Er betont dabei, dass die Clubszene Besuchermagnet, Wirtschaftsfaktor und Tourismusturbo ist. Sie dient Talenten als Sprungbrett. Kreative und Ideen finden dort Nährboden. Clubs bieten Räume für soziale, kulturelle, demokratische Erfahrungen und gelebte Vielfalt.
Zur Gegenwart gehört aber auch: Das Gros der Clubs ist bedroht, steht vor existenziellen Problemen.
Live Initiative Sachsen macht konkrete Vorschläge
"Die Gründe dafür liegen in den enormen Kostensteigerungen bei Gagen, Mieten, Energie, Löhnen sowie geringeren Umsätzen bei Eintritt und in der Gastronomie", sagt Möckel.
Von sicheren Jobs und einem Gehaltsniveau wie im öffentlichen Dienst träumen die meisten Beschäftigten in der Szene.
"Die konservative Kulturpolitik sollte die freie Clubszene endlich mit einbeziehen und auch unterstützen im neuen Kulturraumgesetz", sagt Sascha Möckel.
Konkrete Vorschläge dafür macht die Live Initiative Sachsen auch. Sie verlangt für die Clubszene die jährliche Ausschüttung von zwei Millionen Euro Förderung oder zwei Prozent der gesamten Fördersumme, die bereitgestellt wird.
Mission "Zukunft Kulturland Sachsen 2030"
Kulturministerin Barbara Klepsch (60, CDU) treibt momentan strategische Überlegungen voran. "Es geht dabei um die künftige Ausrichtung der Kulturlandschaft in Sachsen und insbesondere die Kulturförderung durch den Freistaat und die kommunale Ebene", sagt die Politikerin.
Sachsens Kulturpolitik muss sich auf neue Tatsachen einstellen. Dazu zählen der demografische und gesellschaftliche Wandel ebenso wie Haushaltslöcher.

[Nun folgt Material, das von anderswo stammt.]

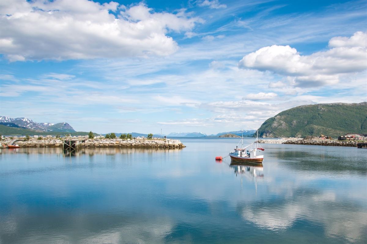 Mit einem typisch norwegisch-abwechslungsreichen Frühstück starten wir in den Tag. Über die eisfreie, weil beheizte (!) Fußgängerzone Storgata geht's anschließend zum Hafen, dem eigentlichen Herzen der Stadt. Auf der anderen Seite des Wassers machen wir schon von Weitem das Wahrzeichen Tromsös aus, die Eismeerkathedrale. Der Weg dorthin: luftig - zu Fuß nehmen wir die Brücke über den Tromsösund und genießen von hoch oben den Panoramablick auf City und umliegenden Berge. Nach unserem Besuch des minimalistischen Gotteshauses per Linienbus zurück in die Innenstadt und hinein in die zeitlos-stylische Bibliothek - wie üblich in Skandinavien auch hier ein Ort zum Wohlfühlen! Noch Zeit für Besorgungen, dann legt unser Postschiff ab! Mehrere Stunden entfernen wir uns immer weiter von vertrauter Zivilisation. Die Natur wird spürbar rauer, die Gegend immer einsamer. Unser Ziel: Skjervöy, ein Fischerort - gefühlt am Ende der Welt.

Themen wie Bürokratieabbau, Mobilität, verändertes Publikumsverhalten, Generationen-Gerechtigkeit und Digitalisierung sind dabei unbedingt mitzubetrachten.
Impulse setzt in diesem Prozess ein Fachbeirat, der von Felicitas Loewe (67, ehemalige Intendantin des tjg. theater junge generation Dresden) und Christian Schramm (74, Oberbürgermeister von Bautzen a. D.) gelenkt wird.
Zwei Ziele wurden gesetzt: Noch in diesem Jahr soll das Kulturraumgesetz novelliert werden. Bis Mitte 2027 möchte man neue Förderprinzipien aufstellen. Die Vision ist eine zielgerichtete und regionale Verzahnung der Kulturraumförderung. Oberstes Gebot bei allem: Sachsens vielfältige Kulturlandschaft in ihren reichen Facetten zu erhalten.